To do –
What is needed is a word-for-word copy of the lines below from the one with "Маньяк Кожаное лицо" through the one with "- Среднее образование", both included, with every picture left out.

Listed records –
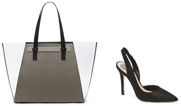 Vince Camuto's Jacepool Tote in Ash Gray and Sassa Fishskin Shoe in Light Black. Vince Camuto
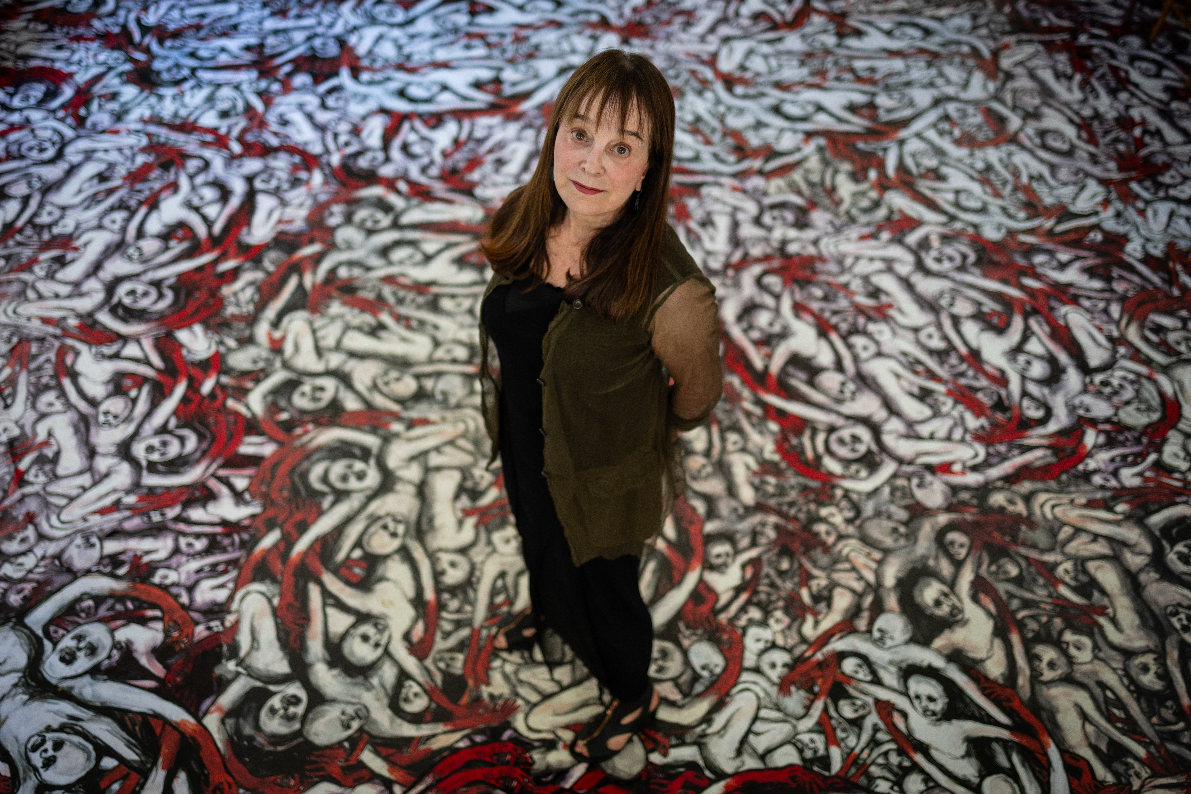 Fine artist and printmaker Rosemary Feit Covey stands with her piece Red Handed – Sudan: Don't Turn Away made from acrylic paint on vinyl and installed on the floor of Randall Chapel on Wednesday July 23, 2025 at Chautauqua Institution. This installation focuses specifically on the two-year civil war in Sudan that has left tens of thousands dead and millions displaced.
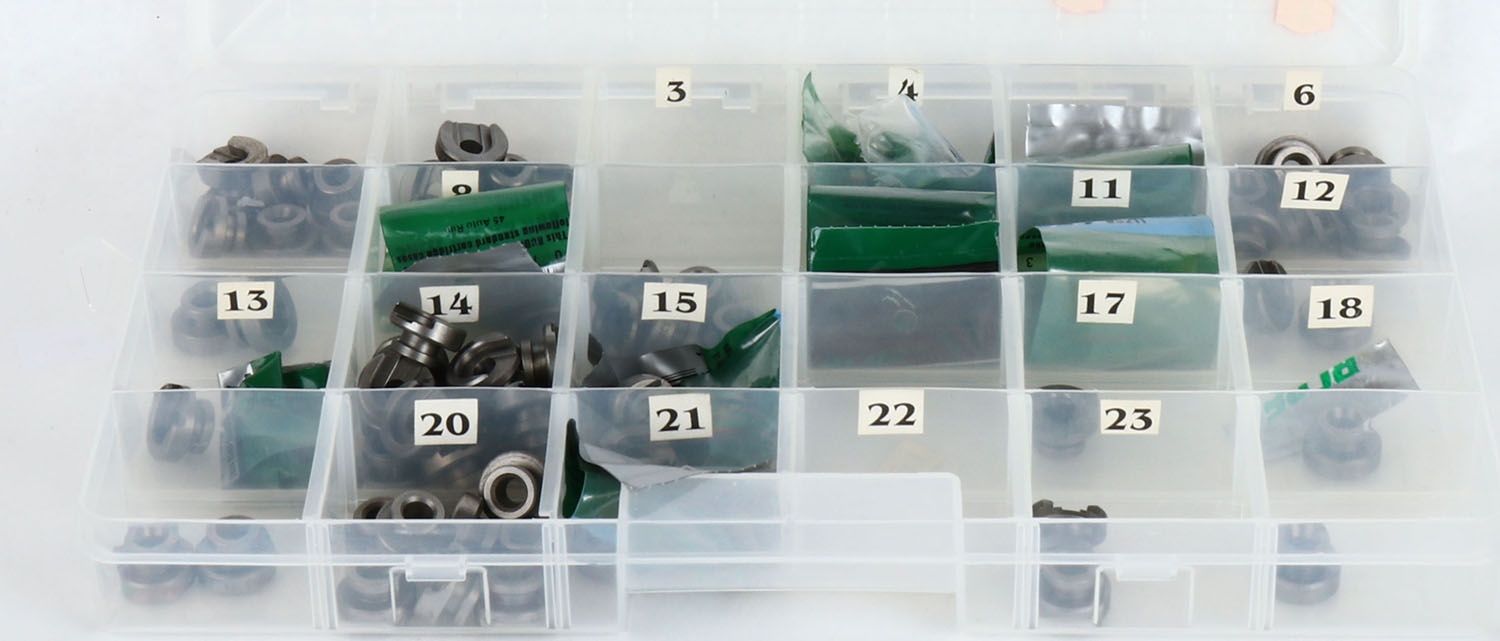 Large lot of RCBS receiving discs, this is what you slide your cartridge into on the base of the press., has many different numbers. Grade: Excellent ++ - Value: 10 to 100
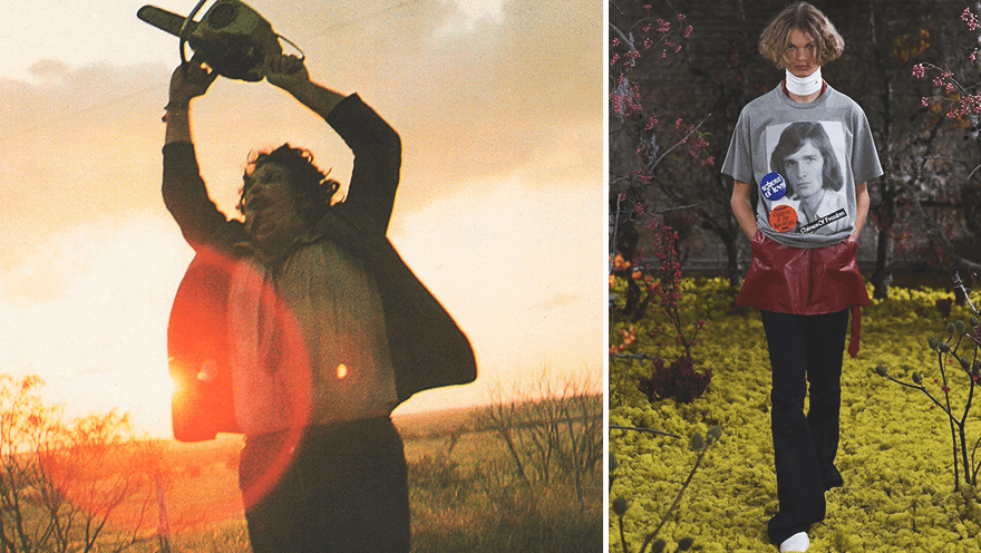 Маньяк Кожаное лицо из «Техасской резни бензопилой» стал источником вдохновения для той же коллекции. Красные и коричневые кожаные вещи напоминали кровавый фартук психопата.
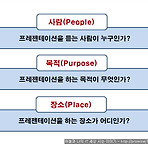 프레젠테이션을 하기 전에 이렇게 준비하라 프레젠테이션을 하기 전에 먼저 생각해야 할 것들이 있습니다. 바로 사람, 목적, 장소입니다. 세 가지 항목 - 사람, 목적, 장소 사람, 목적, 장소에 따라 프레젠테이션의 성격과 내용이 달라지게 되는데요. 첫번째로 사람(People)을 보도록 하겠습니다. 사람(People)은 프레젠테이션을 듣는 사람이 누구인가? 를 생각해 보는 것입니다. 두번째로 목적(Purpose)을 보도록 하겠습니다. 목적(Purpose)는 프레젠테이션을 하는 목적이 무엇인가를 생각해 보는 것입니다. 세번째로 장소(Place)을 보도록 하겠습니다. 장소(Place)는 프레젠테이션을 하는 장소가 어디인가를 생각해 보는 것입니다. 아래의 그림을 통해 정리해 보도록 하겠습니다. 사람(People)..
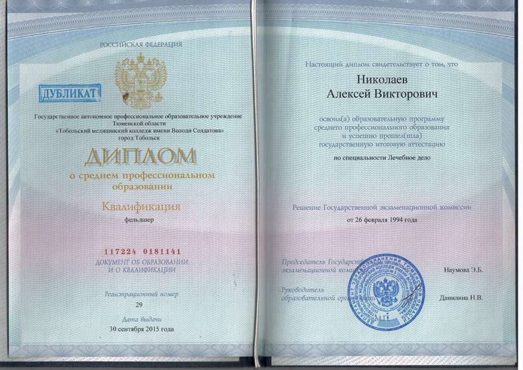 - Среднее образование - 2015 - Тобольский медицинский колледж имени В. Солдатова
* * *
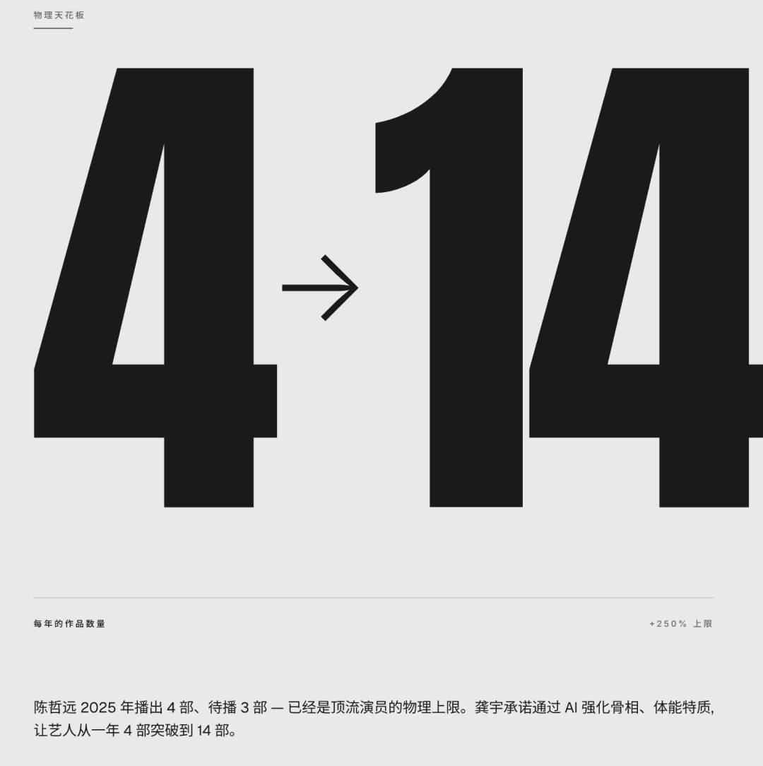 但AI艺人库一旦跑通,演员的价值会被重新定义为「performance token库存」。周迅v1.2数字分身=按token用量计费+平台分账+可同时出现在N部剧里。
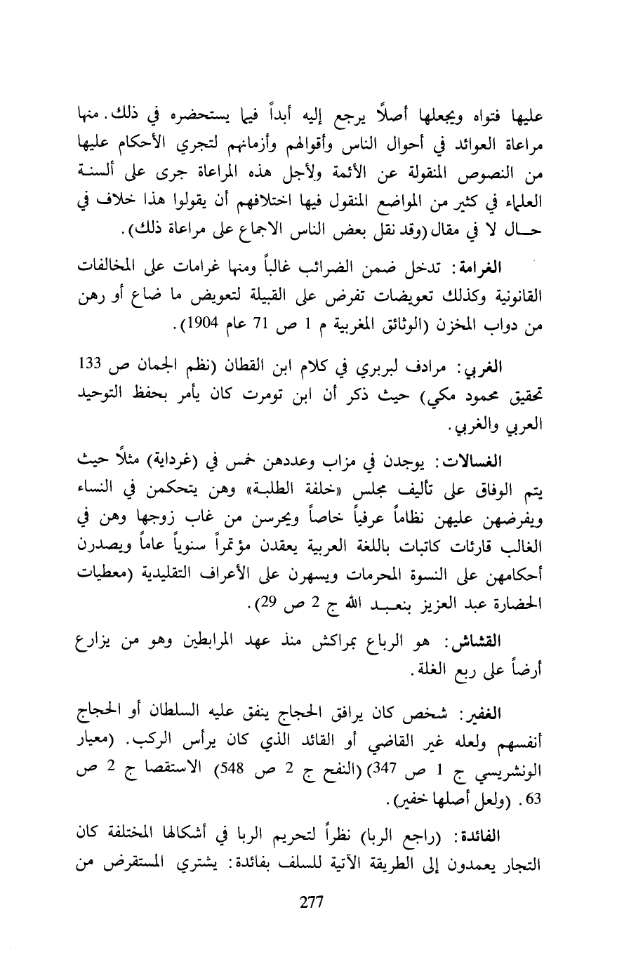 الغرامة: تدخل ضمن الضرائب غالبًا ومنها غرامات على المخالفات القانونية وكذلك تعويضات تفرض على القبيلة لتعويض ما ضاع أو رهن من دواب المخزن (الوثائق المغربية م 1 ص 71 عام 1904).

Output below –
 Маньяк Кожаное лицо из «Техасской резни бензопилой» стал источником вдохновения для той же коллекции. Красные и коричневые кожаные вещи напоминали кровавый фартук психопата.
 프레젠테이션을 하기 전에 이렇게 준비하라 프레젠테이션을 하기 전에 먼저 생각해야 할 것들이 있습니다. 바로 사람, 목적, 장소입니다. 세 가지 항목 - 사람, 목적, 장소 사람, 목적, 장소에 따라 프레젠테이션의 성격과 내용이 달라지게 되는데요. 첫번째로 사람(People)을 보도록 하겠습니다. 사람(People)은 프레젠테이션을 듣는 사람이 누구인가? 를 생각해 보는 것입니다. 두번째로 목적(Purpose)을 보도록 하겠습니다. 목적(Purpose)는 프레젠테이션을 하는 목적이 무엇인가를 생각해 보는 것입니다. 세번째로 장소(Place)을 보도록 하겠습니다. 장소(Place)는 프레젠테이션을 하는 장소가 어디인가를 생각해 보는 것입니다. 아래의 그림을 통해 정리해 보도록 하겠습니다. 사람(People)..
 - Среднее образование - 2015 - Тобольский медицинский колледж имени В. Солдатова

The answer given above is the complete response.